Stable Diffusion XL in Red Hat OpenShift AI

This readme shows how to serve a Stable Diffusion XL model in Red Hat OpenShift AI (RHOAI) along with the steps to fine-tune the model.

This project takes the latest SDXL model and familiarizes it with Toy Jensen via finetuning on a few pictures, thereby teaching it to generate new images which include him when it didn't recognize him previously.

Once the model is fine-tuned we will show the steps to deploy the model in RHOAI as well as to access the deployed model to generate the image.

Prerequisites

Before you can fine-tune and serve a model in Red Hat OpenShift AI, you will need to install RHOAI and enable NVIDIA GPU by following these links:

Red Hat OpenShift AI installation
Enable NVIDIA GPU

This project generates LoRA (Low-Rank Adaptation of Large Language Models) weights when the base model is fine-tuned. These weights can be uploaded to one of the following:

MinIO
- Install the oc client if using MinIO for model storage
AWS S3
- Setup IAM user/credentials/permissions to create the bucket as well as to upload the objects when using this appraoch

Quickstart

Open up Red Hat OpenShift AI by selecting it from OpenShift Application Launcher. This will open up Red Hat OpenShift AI in a new tab.

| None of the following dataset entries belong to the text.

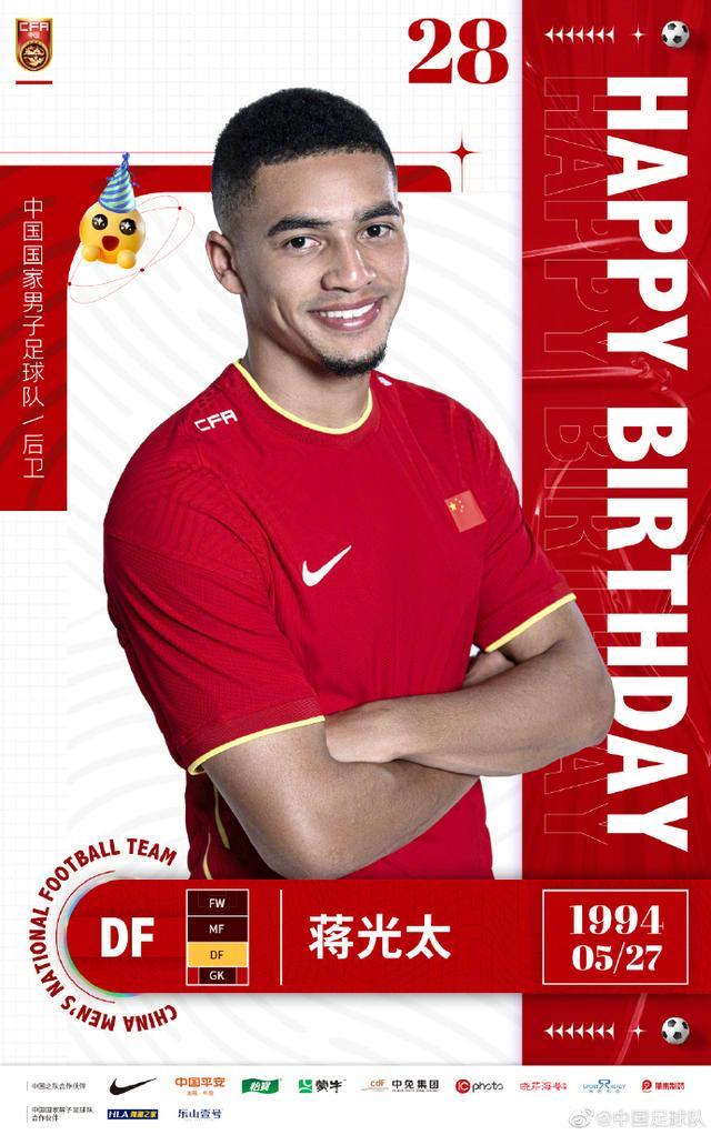 今年5月27日,中国足球队官方微博发布了对国脚球员蒋光太的生日祝福:场上,你身体强壮、擅长对抗;场下,你低调内敛、笑容腼腆。27岁“反差萌”大男孩儿蒋光太生日快乐!四十强赛即将重燃战火,愿你成为国足后场定海神针!蒋光太出生于1994年5月27日,他出生于英国利物浦,祖籍广东江门,母亲是华裔。2019年初,蒋光太加盟中超广州恒大淘宝,随后完成了入籍手续,成为了中国国脚。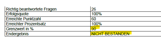 Hi, when a user passes a quiz, the responses website says "passed" but the generated PDF report says "failed". As you can see in the screenshots, i have reached 100% correct answers and 90% is the minimum to pass. What did I do wrong?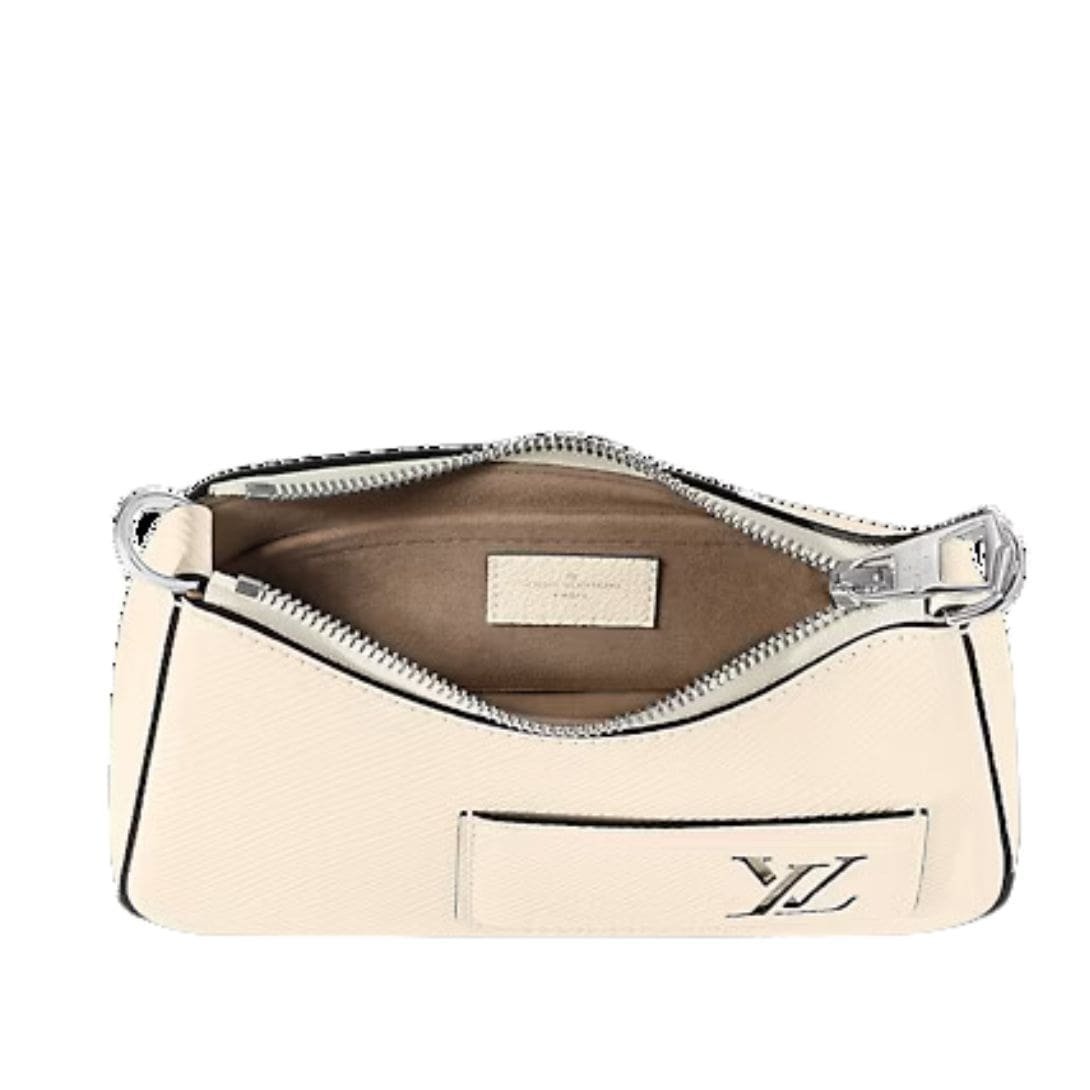 Measuring 7.5 x 5.3 x 2.6 inches, the LOUIS VUITTON MERELLINI handbag is perfectly proportioned for everyday wear, offering both style and functionality. The elegant Quartz White hue adds a touch of refinement, while the Epi-grained cowhide leather and smooth cowhide leather trim ensure durability and luxury.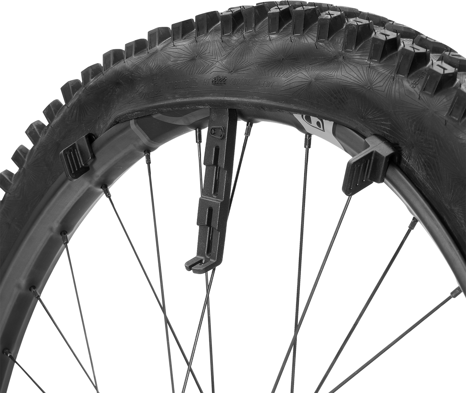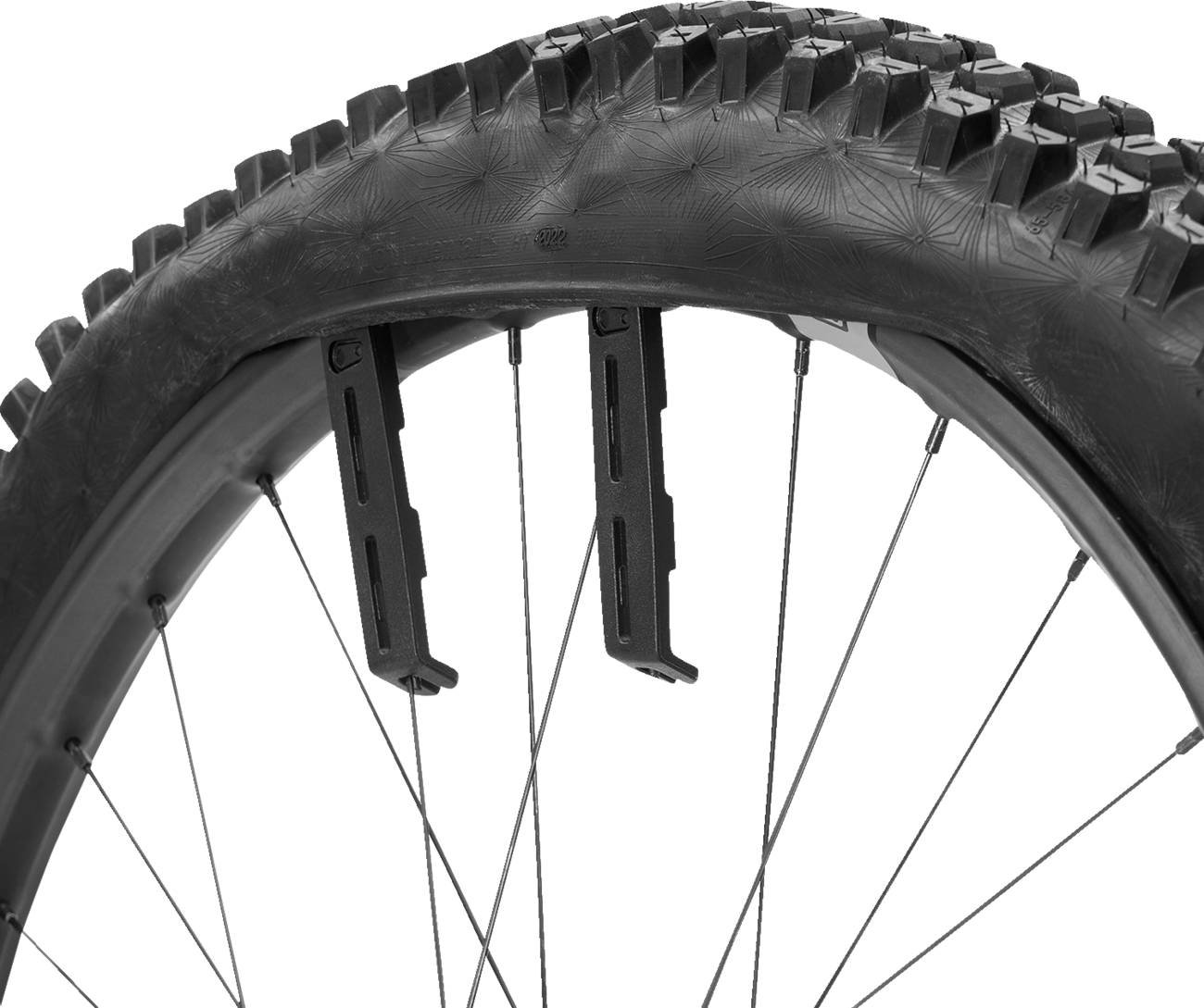 The included tire sliders secure the tire bead on the rim while you work, acting as a second set of hands to keep the tire in place— two gray sliders for thin rims and two black sliders for thick rims
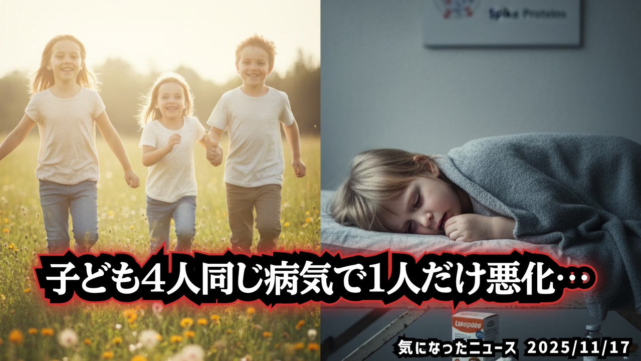 ◆子ども4人、同じ病気なのに1人だけ悪化…そこで浮かび上がった“ある事実”<br><br>あらすじ <br>4人の子どもが同じタイミングで同じ病気にかかった。<br>しかし、なぜか“かつてワクチンを受けていた1人だけ”症状が強く、発熱の期間も長かった――。<br>親が抱いたこの素朴な疑問を出発点に、免疫学の世界では「抗原が長く体に残ると免疫が疲れやすくなる」という研究が語られている。<br>HIV やがんの免疫疲弊と、抗原刺激の持続という共通点。<br>では、人の免疫はどのように差が生まれるのか?<br>本動画では、特定の結論を決めつけるのではなく、最新の知見を手がかりに、「免疫が弱くなるとはどういうことなのか?」を分かりやすく整理していく。<br><br>※特定の医療行為への断定的評価は行わず、あくまで科学的概念の紹介と問題提起の内容です。<br><br>◆今回の台本(詳細)<a href="https://keiichiro8140.hatenablog.com/entry/25111888111" target="_blank" rel="noopener nofollow">https://keiichiro8140.hatenablog.com/entry/25111888111</a><br><br>◆これまでの動画<a href="https://x.gd/sPXoJ" target="_blank" rel="noopener nofollow">https://x.gd/sPXoJ</a><br><br>◆もしも(BAN)の時のためのマイリンク集<a href="https://lit.link/K-16-news-44" target="_blank" rel="noopener nofollow">https://lit.link/K-16-news-44</a><br><br>ご覧いただきありがとうございます<br>m(_ _)m <br><br>気になったニュース 2025/11/18<br><br />著作権、肖像権に配慮して作成しております。<br><br>◆気になったニュースの台本!?<br>メモ代わりに作った台本をそのままあげてます<br><a href="https://keiichiro8140.hatenablog.com/." target="_blank" rel="noopener nofollow">https://keiichiro8140.hatenablog.com/.</a><br><br><br>ここからはシリーズ紹介<br><br><br>◆ ワクチン解毒・デトックス<br><a href="https://x.gd/fZweg" target="_blank" rel="noopener nofollow">https://x.gd/fZweg</a><br><br>◆ウイリアム・マキス博士のがん治療(イベルメクチン・フェンベンダゾール等)<br><a href="https://x.gd/AtFYS" target="_blank" rel="noopener nofollow">https://x.gd/AtFYS</a><br><br>◆予防接種健康被害救済制度<br><a href="https://x.gd/0xK9x" target="_blank" rel="noopener nofollow">https://x.gd/0xK9x</a><br><br>◆気になったニュース #1501~<br><br>◆ 【ショートver】気になったニュース<br><a href="https://x.gd/7MxXC" target="_blank" rel="noopener nofollow">https://x.gd/7MxXC</a><br><br>◆ 気になったニュース #1001~<br><a href="https://x.gd/Lp8gv" target="_blank" rel="noopener nofollow">https://x.gd/Lp8gv</a><br><br>◆ 気になったニュース #501~<br><a href="https://x.gd/EmbS4" target="_blank" rel="noopener nofollow">https://x.gd/EmbS4</a><br><br>◆ 気になったニュース #1~#500<br><a href="https://x.gd/uPhNb" target="_blank" rel="noopener nofollow">https://x.gd/uPhNb</a><br><br>◆ X(旧Twitter)・テレグラムで気になった情報<br><a href="https://x.gd/YG6FT" target="_blank" rel="noopener nofollow">https://x.gd/YG6FT</a><br><br>◆ 日比谷5万人パレードデ⚪生放送アーカイブ動画<br><a href="https://x.gd/3CHJv" target="_blank" rel="noopener nofollow">https://x.gd/3CHJv</a><br><br>◆日比谷5万人パレード⚪モのマイリスト作ってみました<br><a href="https://nico.ms/mylist/76828848?ref=sp_other" target="_blank" rel="noopener nofollow">https://nico.ms/mylist/76828848?ref=sp_other</a><br><br>◆3.30 令和の百姓⚪⚪<br><a href="https://www.nicovideo.jp/series/511791?ref=garage_share_other" target="_blank" rel="noopener nofollow">https://www.nicovideo.jp/series/511791?ref=garage_share_other</a><br><br>◆ 及川幸久さんの【XNEWS】シリーズ<br><a href="https://x.gd/3k78K" target="_blank" rel="noopener nofollow">https://x.gd/3k78K</a><br><br>◆これまでの動画<a href="https://x.gd/sPXoJ" target="_blank" rel="noopener nofollow">https://x.gd/sPXoJ</a><br><br>◆もしも(BAN)の時のためのマイリンク集<a href="https://lit.link/K-16_News44" target="_blank" rel="noopener nofollow">https://lit.link/K-16_News44</a><br><br>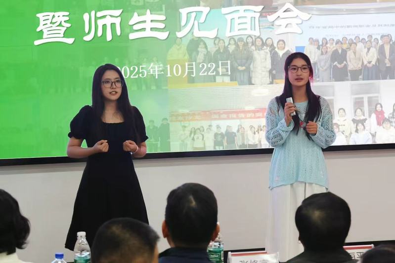 10月22日晚,新闻与传播学院(以下简称“新传院”)于博雅楼420教室举行2025级新生开学典礼暨师生见面会。校党委常委、副校长田恒平出席典礼,师友单位新闻宣传中心主任兼宣传部副部长谢莎\校区协调办公室主任杜锡彬\新传院全体班子成员及教职工、2025级新生参加。会议由党总支副书记邱媛主持。
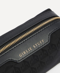 DETAILS Girlie Stuff pouch Logo-jacquard nylon Patent leather trims Gold-tone hardware Zip closure Main compartment Gold-tone labels Tasselled zip pulls Gold-tone AH bow COMPOSITION & SIZE 100% Nylon; 100% Leather H: 9cm, W: 15cm, D: 5.5cm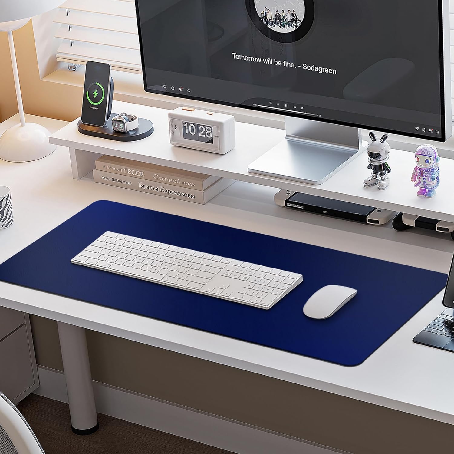 Boutilon Leather Desk Pad Protector,Non-Slip Mouse Pad,Laptop Desk Pad,Office Mouse Mat,Waterproof Leather Desk Blotter,Desk Writing Pad for Office and Home (L-Navy,35"x 17")

Create Data Science project

Select Data Science Projects in the left navigation menu.

Create a new Data Science project by clicking on Create data science project button. Provide the Name as well as the Resource name for the project, and click on Create button. This will create a new data science project for you.

Select your newly created project by clicking on it.

Below is a gif showing Create data science project dialogs:

Setup LoRA upload approach

The LoRA weights that are generated while fine-tuning the base image need to be uploaded to either AWS S3 or MinIO so that they are available to the model when the model is deployed.

Setup MinIO

To setup MinIO, for storing the LoRA weights, execute the following commands in a terminal/console:

# Login to OpenShift (if not already logged in)
oc login --token=<OCP_TOKEN>

# Install MinIO
MINIO_USER=<USERNAME> \
   MINIO_PASSWORD="<PASSWORD>" \
   envsubst < minio-setup.yml | \
   oc apply -f - -n <PROJECT_CREATED_IN_PREVIOUS_STEP>

Set <USERNAME> and <PASSWORD> to some valid values, in the above command, before executing it

Once MinIO is setup, you can access it within your project. The yaml that was applied above creates these two routes:

minio-ui - for accessing the MinIO UI
minio-api - for API access to MinIO
- Take note of the minio-api route location as that will be needed in next section.

Setup AWS S3

To setup AWS S3, for storing the LoRA weights, setup the following:

Create IAM user
Add following permissions to the user, with the Effect: "Allow":
- s3:ListBucket
- s3:*Object
- s3:ListAllMyBuckets
- s3:CreateBucket
  - This permission is ONLY needed if you want bucket to be created by the notebook
For the above permissions, set Resource to:
- arn:aws:s3:::*
- If an already existing bucket is used, then the Resource can be set to the specific bucket, e.g.
  - arn:aws:s3:::<EXISTING_BUCKET_NAME>

Create workbench

To use RHOAI for this project, you need to create a workbench first. In the newly created data science project, create a new Workbench by clicking Create workbench button in the Workbenches tab.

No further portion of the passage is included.